How Chatbots Help Enterprise Meet Employee Expectations

chatbots employee expectat

Recently, we formally launched our ubiHR solution from private beta. While we were designing the roadmap and features, we spent much time interviewing the people who would purchase the product - HR managers and execs.

ubiHR is a machine-human that learns everything there is about being an employee at your company.

It knows all about your benefits, annual leave allowances, payroll particulars and anything else you need. It then turns this information into on-demand conversations, then basically, instead of employees asking your HR department these types of questions, they ask the chatbot. It answers immediately, with always up-to-date information. Most importantly, it means your HR team does not spend any more of their time answering the same questions over and over again.

You see, although ubiHR saves between 30%-50% of an HR departments time, we actually designed it for employees. Not the HR team, not the c-suite and not the company.

 

Aligning with employee expectations

During the interviews I mentioned, we held focus groups with employees, one to one and group interviews with HR managers and phone calls with members of c-suites. One resounding thing that came out of all this research?

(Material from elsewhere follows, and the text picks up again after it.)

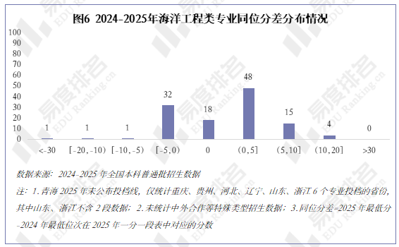 2025年所统计的海洋工程类专业录取同位分差整体上涨,56%的专业分数上涨,29%的专业分数有所下降,其中16%的专业上涨超过5分。考生对海洋工程类专业的报考热情明显升温。
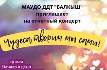 Традиционно отчетный концерт Дома творчества проходит под девизом "Чудеса творим мы сами!" Обучающиеся- юные артисты украсили праздник своим творчеством, вокальным исполнением, танцами и литературным мастерством.

Yes, you guessed it: meeting employee expectations is an ongoing and real challenge.

In the medium to large companies (a company with more than 100 employees), things naturally slow down as they mature. What generally happens is that companies scale and grow based on revenue, revenue through either new or recurring sales. Tens, hundreds and perhaps even thousands of employees get hired, and, often, one of the last departments to be considered and invested in is HR.

Most of the companies we talked to had between 1 to 2 HR employees for every 100 total employees. A couple we spoke with (one is now integrating ubiHR!) had just 8 HR employees for 6,500 total employees - busy job!

Now, call me old-fashioned, but if I were an employee at a company, I would want to feel like I am valued and listened to. I have an expectation that I am going to be looked after.

Would you believe, all the interviews and research we did showed an average wait time of three (yes 3!) days for any form of response from HR?

Do you think this is acceptable? Do you think the most valuable asset in a company should wait an average of three days to be acknowledged? I should not think this meets any employees expectation.

Let us now consider who these employees are. Full disclosure - this section is not based on evidence - just good old deduction and speculation.

Millennials (yuk, I hate that term) are, according to demographers and researchers, people born between the years 1976 to 2000 (the exact range varies depending on who's credited). Ultimately, it means every millennial is at an employable age.

According to this Huffington Post research from July 2016, 20.9% of the UK population are millennials.

Therefore, let's make a very basic assumption and say that 20.9% of a company's workforce is made up of millennials. I know, it will depend on industry, skill requirements of job roles and a trillion other things, but for this article, it will suffice.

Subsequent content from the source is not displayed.